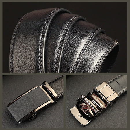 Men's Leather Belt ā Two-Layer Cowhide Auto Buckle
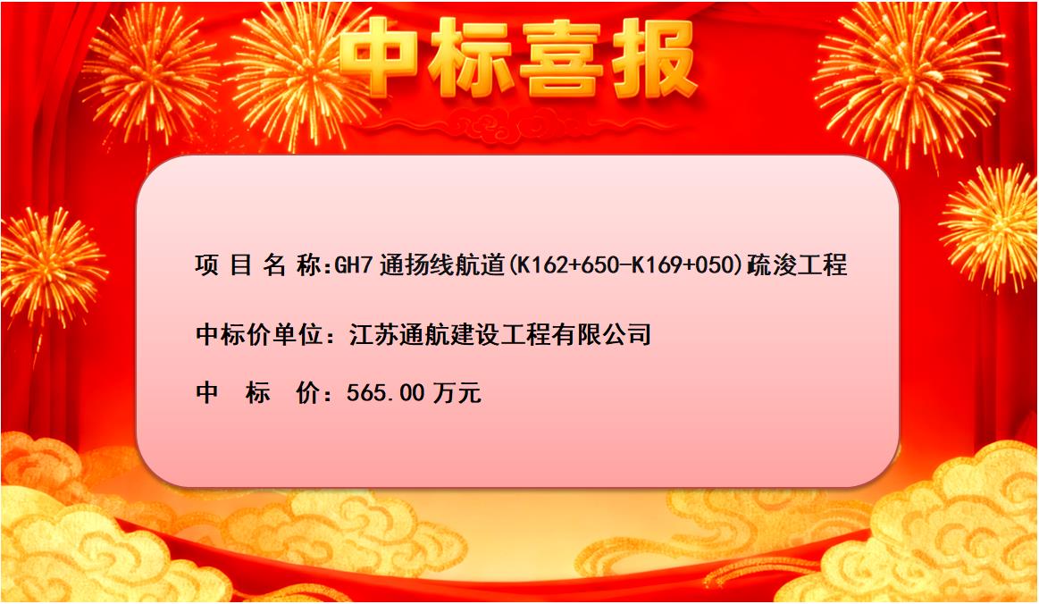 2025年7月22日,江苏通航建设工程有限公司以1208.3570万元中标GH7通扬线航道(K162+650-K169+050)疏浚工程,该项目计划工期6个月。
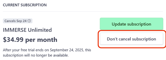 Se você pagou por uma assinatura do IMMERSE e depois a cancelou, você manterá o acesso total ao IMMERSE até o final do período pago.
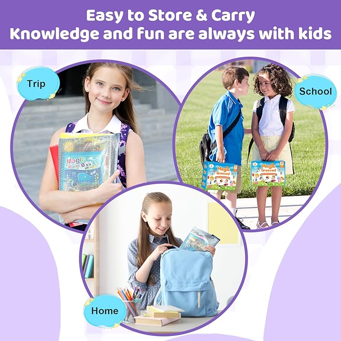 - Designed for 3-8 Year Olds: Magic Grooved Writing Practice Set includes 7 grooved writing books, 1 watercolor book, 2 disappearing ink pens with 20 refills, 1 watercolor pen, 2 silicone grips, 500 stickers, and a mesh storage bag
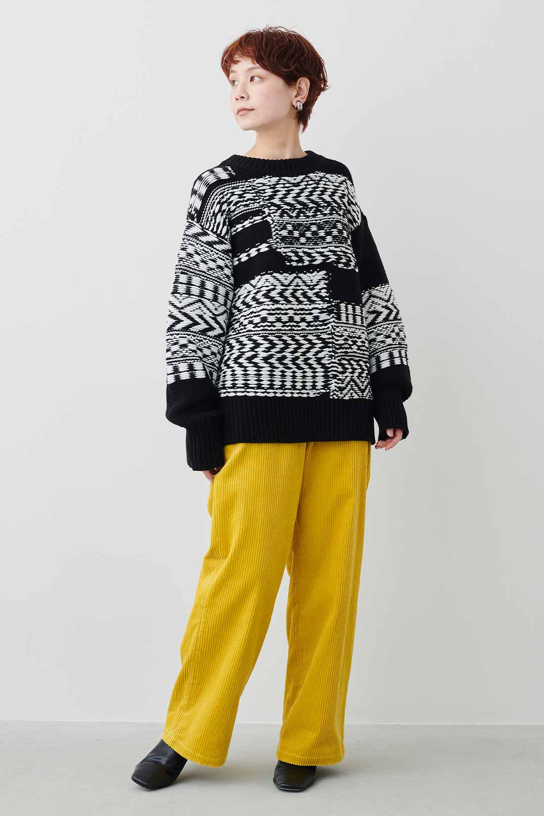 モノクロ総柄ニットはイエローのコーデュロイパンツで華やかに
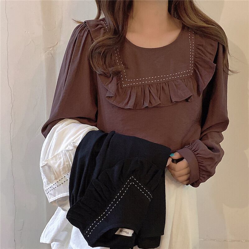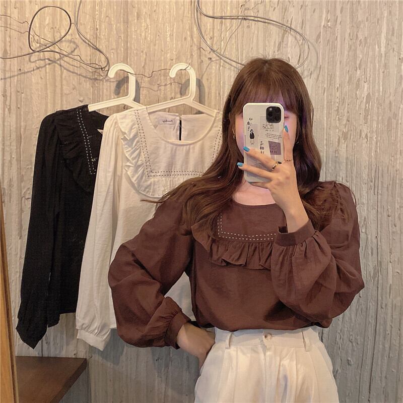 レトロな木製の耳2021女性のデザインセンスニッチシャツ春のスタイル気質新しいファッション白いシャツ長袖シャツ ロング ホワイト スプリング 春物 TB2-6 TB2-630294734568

------------

### EXERCISE AIM
A verbatim copy of the listing, with all pictures removed, is required.

### ANSWER TO THE EXERCISE
 Men's Leather Belt ā Two-Layer Cowhide Auto Buckle
 2025年7月22日,江苏通航建设工程有限公司以1208.3570万元中标GH7通扬线航道(K162+650-K169+050)疏浚工程,该项目计划工期6个月。
 Se você pagou por uma assinatura do IMMERSE e depois a cancelou, você manterá o acesso total ao IMMERSE até o final do período pago.
 - Designed for 3-8 Year Olds: Magic Grooved Writing Practice Set includes 7 grooved writing books, 1 watercolor book, 2 disappearing ink pens with 20 refills, 1 watercolor pen, 2 silicone grips, 500 stickers, and a mesh storage bag
 モノクロ総柄ニットはイエローのコーデュロイパンツで華やかに
 レトロな木製の耳2021女性のデザインセンスニッチシャツ春のスタイル気質新しいファッション白いシャツ長袖シャツ ロング ホワイト スプリング 春物 TB2-6 TB2-630294734568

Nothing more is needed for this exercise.